Éric Verhaeghe : Il s'agirait d'un mariage entre des carpes et des lapins. On trouverait évidemment la France Insoumise, dont le programme propose une hausse de la fiscalité d'environ 25 points de PIB, et la CGT et autres syndicats protestataires comme SUD. Ce mariage-là est déjà très compliqué à réaliser, car ces deux factions ne s'entendent pas sur tout, loin de là. Mais on trouverait aussi des composantes du Parti Socialiste qui chercheraient à se raccrocher au train, et probablement d'importants éléments du Front National qui sont toujours fâchés avec la concurrence, la réforme, l'Europe, le libre-échange. Cette alliance politique aurait une base parlementaire faible, et une présence syndicale limitée aux éléments les plus protestataires. Elle peinerait incontestablement à dégager une majorité et même une équipe politique réaliste.

Mais supposons que le Gouvernement et que la direction d’Air France lâchent. Quelles conséquences ? La SNCF continuera à s’affaiblir. A terme, il faudra fermer de plus en plus de lignes. Le risque, c’est qu’elle connaisse le même sort que les ports autonomes. Marseille, Dunkerque qui autrefois pouvait rivaliser avec les autres ports européens ne sont plus aujourd’hui dans la compétition. Il en serait de même pour Air France qui actuellement s’en sort grâce aux faibles prix du kérozène. Cette compagnie qui a été la première du monde n’en finit pas de hoqueter par refus de s’adapter. La réforme du Ministre de l’Education nationale pour l’entrée dans les universités est déjà a minima. Le système actuel est une source de gaspillage tant individuel que financier. La non sélection permet à des personnes n’ayant des prédispositions de s’engager bien souvent en pure perte dans des formations inadaptées. Le taux d’échec au sein de l’enseignement supérieur est en France parmi les plus élevés de l’OCDE. Au nom de l’égalité, les étudiants auraient le droit de poursuivre les formations de leur choix et ne pas avoir de compte à rendre. Ainsi, notre pays n’aurait plus qu’à se spécialiser dans la sociologie et le sport au regard des souhaits exprimés par les étudiants. 

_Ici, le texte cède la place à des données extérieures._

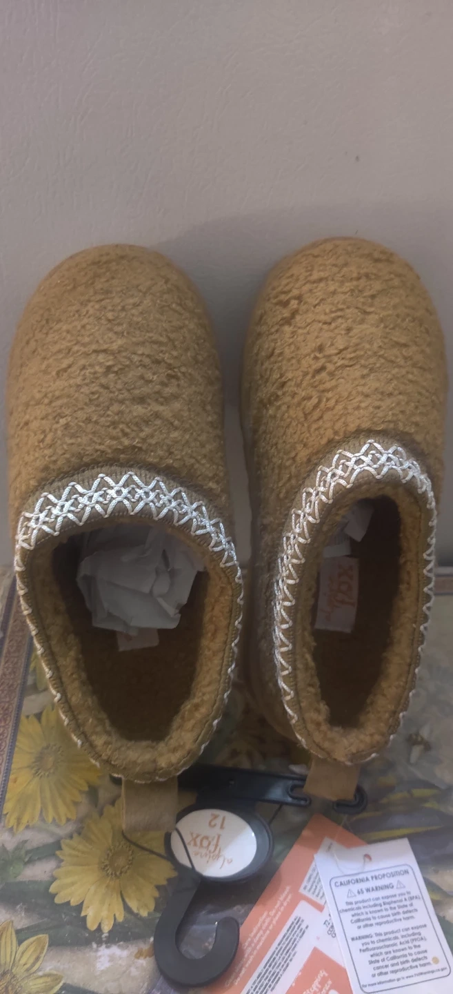 These Alpine Fox slippers are brand new and ready to keep your feet cozy! They're a size 12 kids and have a lovely, neutral colour that will go with anything.

Sur le plan économique, quels seraient les programmes, réformes et instruments mis en œuvre?

Philippe Crevel : Le service public devrait être généralisé à tout secteur qui le demande. Les régimes spéciaux devraient être généralisés. Evidemment, les actuels régimes spéciaux devraient conforter leurs spécificités en réclamant de nouveaux avantages car toute idée de banalisation est insupportable.

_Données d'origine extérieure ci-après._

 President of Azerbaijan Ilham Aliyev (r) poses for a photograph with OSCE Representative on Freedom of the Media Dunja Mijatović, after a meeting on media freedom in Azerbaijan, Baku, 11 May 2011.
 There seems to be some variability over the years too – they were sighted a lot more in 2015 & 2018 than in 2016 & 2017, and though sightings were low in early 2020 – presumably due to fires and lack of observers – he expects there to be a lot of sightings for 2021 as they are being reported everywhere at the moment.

Pour l’université, le tirage au sort et la sélection étant de mauvaises solutions, l’option d’accorder à 80 % des étudiants leur diplôme est une possibilité. Il faudra en parallèle interdire les classements des universités et les évaluations de niveau réalisées par l’OCDE (test PISA).

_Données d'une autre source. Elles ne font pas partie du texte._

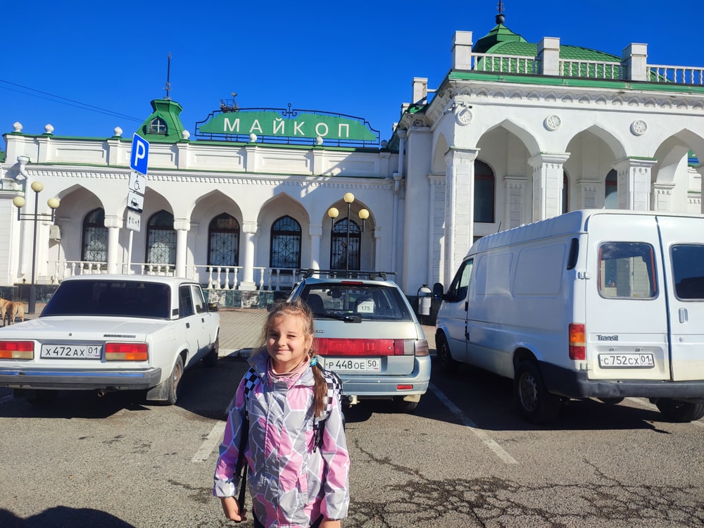 Кстати еще про мои лайфхаки или мою паранойю. Я люблю все на бумаге. По этому билеты всегда себе распечатываю, так вот в Краснодаре на вокзале при полном 4 джи вообще не было инета, люди пытались подключить вай фай, у меня не вышло. А на автовокзал пускают по билетам, у многих они были в телефоне и не открывались. Прогулялись по утреннему Майкопу и поняли что тут жарко)
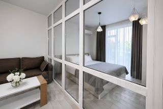 • В спальне кровать, прикроватные тумбочки, шкаф, кондиционер и жалюзи, которыми можно отгородиться от основной комнаты.
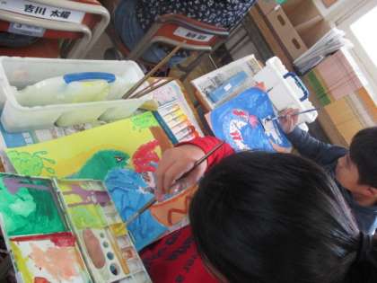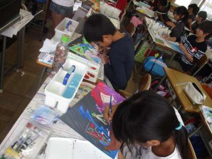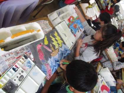4年生は、「かいぶつ石見ー退治」のお話の絵を描いていました。大きな大きなへびのばけものを、それぞれが、個性豊かに描き混んでいました。できあがるのが楽しみです。

L’euro serait maintenu mais les critères de Maastricht oubliés. L’Allemagne n’aura qu’à payer mais elle refusera tout comme les autres pays. Nos partenaires commencent à perdre patience dans l’incapacité de la France à se réformer. Ils commencent aussi à s’irriter de notre volonté à leur imposer notre vision.

La France pourrait adhérer à la ligue bolivarienne ou constituer l’UPS, l’Union des Pays Socialisés. En ayant déjà les plus hauts taux de prélèvements obligatoires et de dépenses publiques, la France a, en la matière, des lettres de noblesses et n’a pas de leçon à recevoir. Elle pourrait éclairer de sa suffisance l’ensemble des pays arriérés qui oublient de taxer leurs concitoyens.